Mentor: Tamara Davis
CpG Dyad Methylation Patterns at DMR of Gene Gtl2
A small fraction of mammalian genes are regulated by genomic imprinting. Genomic imprinting is a type of epigenetic regulatory mechanism. Unlike sequence-based gene regulation, genomic imprinting influences gene expression via heritable modifications to DNA. These include DNA methylation and histone modification. For approximately 150 genes, genomic imprinting results in monoallelic gene expression.
Understanding the mechanisms of imprinting has broad implications for human health. Proper regulation of imprinted genes is essential for normal patterns of growth and development. Many of the diseases associated with imprinted genes involve variations of growth or feeding disorders. Therefore, developing a more comprehensive understanding of the mechanisms associated with genomic imprinting is essential for the detection and treatment of developmental disorders and disease.
Previous analysis of the differentially methylated region (DMR) of imprinted gene Dlk1 revealed an unusual methylation pattern. Methylation, the addition of a methyl group to cytosine, occurs at CpG dinucleotides. The Dlk1 study revealed an unexpected asymmetry of methylation in a large fraction of the complementary CpG dinucleotides. Approximately 35% of CpG dyads were hemi-methylated, meaning that only one CpG dinucleotide of the complementary pair was methylated.
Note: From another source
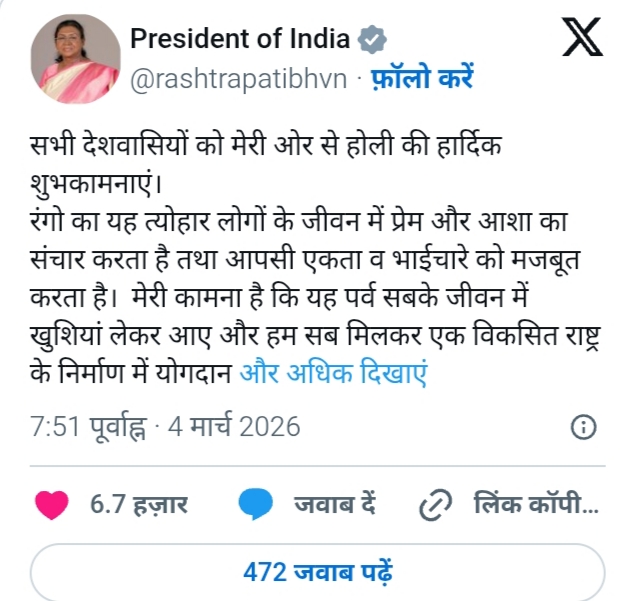 उधर प्रधानमंत्री नरेंद्र मोदी ने देशवासियों को होली की शुभकामनायें देते हुए एक्स पर लिखा है , ‘होली का त्योहार पूरे माहौल में नई ऊर्जा भर देता है. यही इस उत्सव की बड़ी विशेषता है, हर तरफ जिस प्रकार खुशियों के रंग बिखरे नजर आते हैं, वो हर किसी को उल्लास और आनंद से सराबोर कर जाता है।

A possible explanation for this may be that the maintenance of DNA methylation might be less efficient at secondary DMR sites than at primary imprinting control regions.
In order to test whether this pattern of methylation is unique to Dlk1 or if it is a hallmark of other imprinted genes, a similar analysis will be undertaken for the DMR associated with imprinted gene Gtl2. This analysis will look at several stages of development across several tissues from Mus musculus, in order to elucidate the temporal and tissue-specific methylation pattern acquisition. Further analysis of the CpG dyad methylation patterns may provide insight into the mechanisms of methylation acquisition and maintenance at the Gtl2 DMR.